06.28.07

Why Valid isn’t Good Enough

Posted in XHTML, general at 8:49 am by Mary McRae

It should be a “good thing” that OpenOffice has an XHTML export filter. It should be an even better thing that the resulting XHTML is actually DTD-valid. But, unfortunately, valid doesn’t always mean “correct.” In the case of OpenOffice the resulting document is of little use. Font sizes will change sporadically, and all numbering (paragraphs, lists) is out the window. What’s even worse is that I seem incapable of getting valid/usable XHTML out of OpenOffice no matter how many sidesteps I take. I’ve tried the Tidy trick. I’ve tried saving as a Word file. I’ve tried opening the OO file in Word using the new OO import/output filter. All to no avail.

So, if you’re one of those Technical Committees who are authoring your documents in OpenOffice, please just save as HTML.:-(

06.27.07

Creating Valid XHTML v1.0 Transitional from MS Word

Posted in XHTML at 1:59 pm by Mary McRae

The bad news is that even Office 2007 doesn’t have an “export as XHTML” option. The good news is that with a few simple steps you can get XHTML that not only validates but also looks good ;-)

The first step is to save as HTML using the filtered option. This removes a lot of extraneous markup that is only necessary if you plan on “round-tripping” back into Microsoft Word. Since you still have the original Word file, there’s no need to carry around the excess baggage.

The next step is to run the html file through Tidy. I use Tidy Online – just browse to the html file on your local system,  select “xhtml” and you’re off and running. Save the resulting file to your local system.
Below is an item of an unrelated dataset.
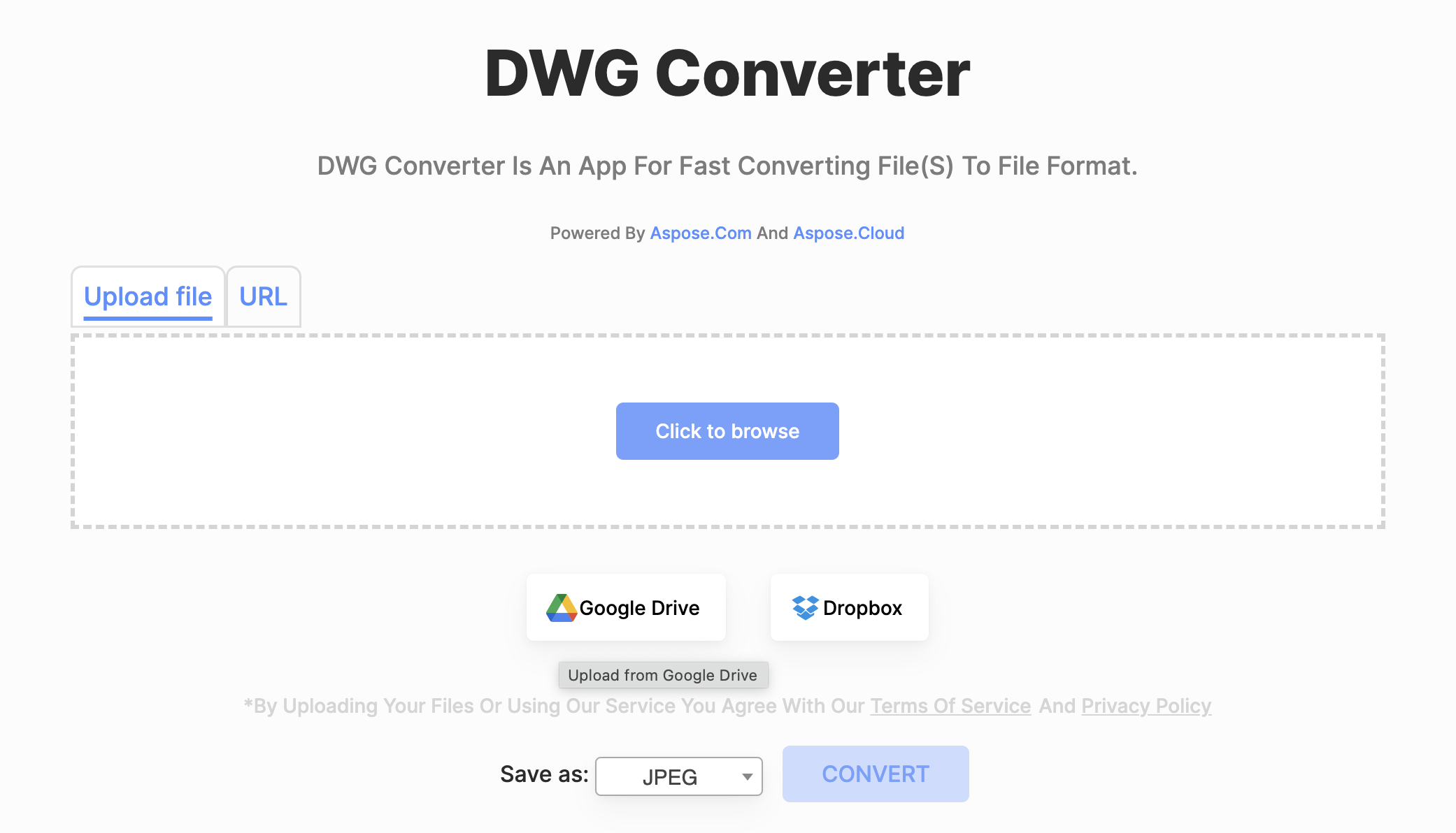 此在线 DWG 到 JPG 转换器由 Aspose.CAD 提供。它提供丰富的无缝转换功能,并可在 24 小时内保留您的文件。此外,它是免费的,无需订阅或创建账户。它有一个合理而简单的界面,你可以拖放文件。该工具是由 Aspose 顶级工程师设计的强大高效服务器的前端。

There’s one more step before you’re done. Tidy still has a few problems, and one of the things it doesn’t get quite right are the “lang” attributes. They should be “xml:lang”. I solve this problem by running a global search-and-replace on “lang=” (include the “=” to make sure you don’t inadvertently replace the string elsewhere in your document) and replace it with “xml:lang=”. You should now be able to validate the instance without error.  The bad new is that there will still be numerous warnings, but we’ll save those for another day.